Comparative Education: Law and Policy


Public Interest Law

In the United States and abroad, policy makers and educators are increasingly driven by the idea that high school graduates must emerge ready to conquer college and the rapidly changing entrepreneurial economy of the twenty first century. At the same time, there is growing recognition that current secondary school systems are ineffective at realizing these ambitions, because they still bear the framework of the industrial economies they were designed to serve at the turn of the twentieth century.
 
After outlining the broad landscape of K-12 education in the United States and more particularly California, this course will examine how a number of different countries have started to reimagine their approach to secondary education. The spectrum of topics we will look at include the privatization movement and school choice, the place of teachers in education reform, curricular innovations and use of technological tools, and the role of standardizing testing, along with international benchmarking, in measuring the success of policies.

For each country we will endeavor to understand how educators define a pedagogical approach that is germane to the 21st century, as well as how these ideas become policy goals and are put into practice in educational programs?
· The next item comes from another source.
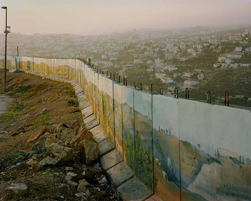 [Images: Simon Norfolk. Top: “Wrecked Ariana Afghan Airlines jets at Kabul Airport pushed into a mined area at the edge of the apron,” from Afghanistan: Chronotopia. Bottom: “The illegal Jewish settlement of Gilo, a suburb of Jerusalem. To deter snipers from the adjacent Palestinian village of Beit Jala (seen in the distance) a wall has been erected. To brighten the view on the Israeli side, it has been painted with the view as it would be if there were no Palestinians and no Beit Jala.”]

We will round out the course by looking at what constitutes high performance in education, whether those criteria are similar across different countries, and whether they are transferable to the United States.

Each week, students will be expected to post one meaningful quote from the weekly reading material, explain their choice in the post, and include a compelling question that arises from the quote. The reaction posts will be graded pass/fail. Each student is also expected to prepare 1-2 short presentations on one or more of the articles included in the reading. In addition, each student must write a paper about a contemporary issue at the intersection of education, law and policy. This paper may be structured to satisfy the SAW requirement.

There are no prerequisites for taking this course.